ネットワンシステムズ(吉野孝行社長)は、8月7日、埼玉県(上田清司知事)の職員約1万3000人が利用する情報系システムを稼働させる先進仮想基盤と、約400施設を接続する県全域の大規模な共通高速ネットワーク基盤(県庁LAN)を構築したと発表した。今年2月に稼働を開始している。

 埼玉県では、仮想基盤に耐障害性を高める仕組みを導入することによって、県民サービスの継続性向上を実現。また、県庁LANの高速化によって、県職員の業務効率が向上した。

 構築した仮想基盤では、職員約1万3000人が利用する大規模なメールシステム・アカウント管理・DNS・ウイルス対策・ファイルサーバーなどの情報系システムが稼働している。システムを利用する県庁LANは、本庁舎、地方・合同庁舎、単独庁舎、県立学校など約400施設を結び、県民サービスや職員の事務を支える税務システム・土木積算システム・財務会計システムなどの約100個の業務系システムが接続されている。
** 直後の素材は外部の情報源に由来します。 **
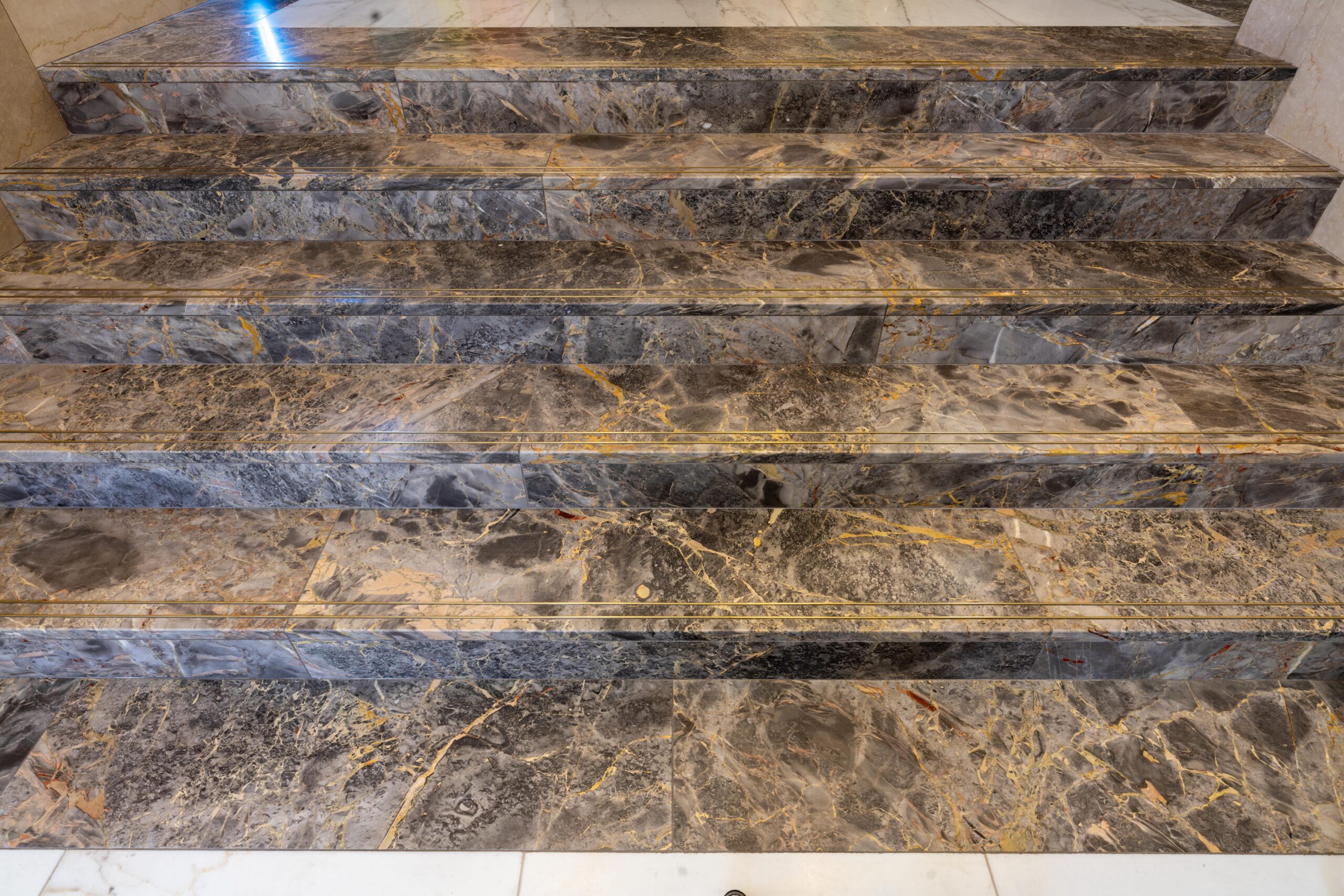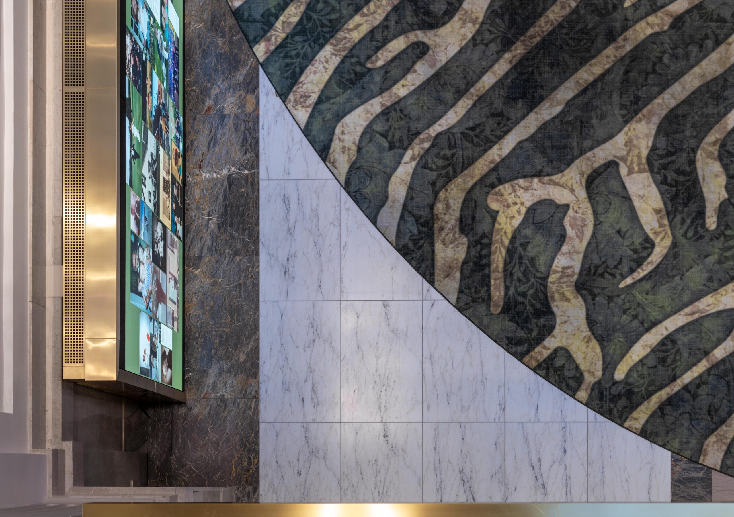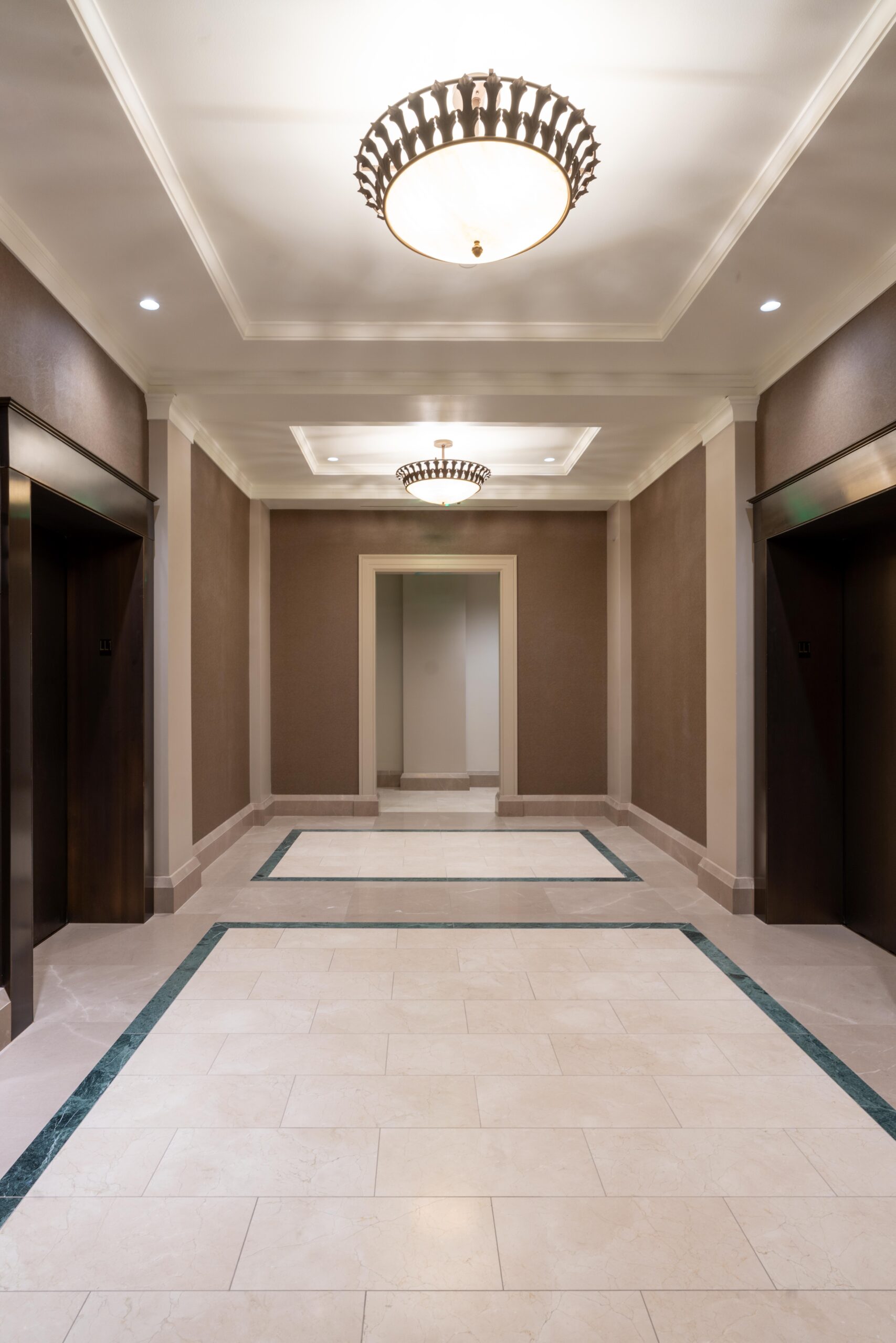 Rugo Stone’s scope included the removal, salvaging, restoration, and reinstallation of approximately 30,000 square feet of interior paving, steps, door & window casings, along with additional exterior paving on pedestals at the 12th floor Rooftop. Napolean Gray and Calacatta Lincoln marble were used for the lobby floors to match existing and added floor areas, both are stones quarried domestically in the US. Aurisina Fiorito, Bois de Jordan and Botticino Classico marbles were used for the wainscot and wall panels. In the lower level our team installed a waterjet cut, mosaic floor with various, colored marbles. The floor was made with various geometric shapes and they were all interconnected, so precision was key in execution of the design. Precision fabrication, quality control and dry lay review in the shop, along with extensive field measurements helped Rugo team achieve this grand floor installation.

 埼玉県からは、情報系システムの稼働基盤や県庁LANの構築に対して、「物理サーバー群の集約」「耐障害性の向上」「運用体制の改善」の3点について要望があった。

 物理サーバー群の集約は、「VMware vSphere 5」で仮想環境を構築することで、従来の物理サーバー約30台を15台へと約50%削減。仮想マシンデータとファイルサーバー用の共有ストレージには、「EMC VNX 5700」を用いた。

 耐障害性を高めるための仕組みとして、サーバーには「Cisco UCS Bシリーズ ブレードサーバ」を採用。サーバーに障害が発生した際には、Cisco UCS特有の機能であるサーバーの設定情報をまとめたサービスプロファイルを予備のブレードサーバーに割り当てることによって、迅速にサービスを復旧させる。また、効率的なデータバックアップのために、重複除外機能が利用できる「EMC DataDomain DD640」を選定した。

 運用面では、ITIL V3のベストプラクティスにもとづいて、約半年にわたって埼玉県と情報を交換。その結果、運用業務を可視化するとともに、改善を容易にする運用体制を構築した。ここで定型化された業務(障害監視/セキュリティ監視/ヘルプデスク業務)は、ネットワンシステムズの遠隔運用監視サービスを活用することで、運用コストを削減している。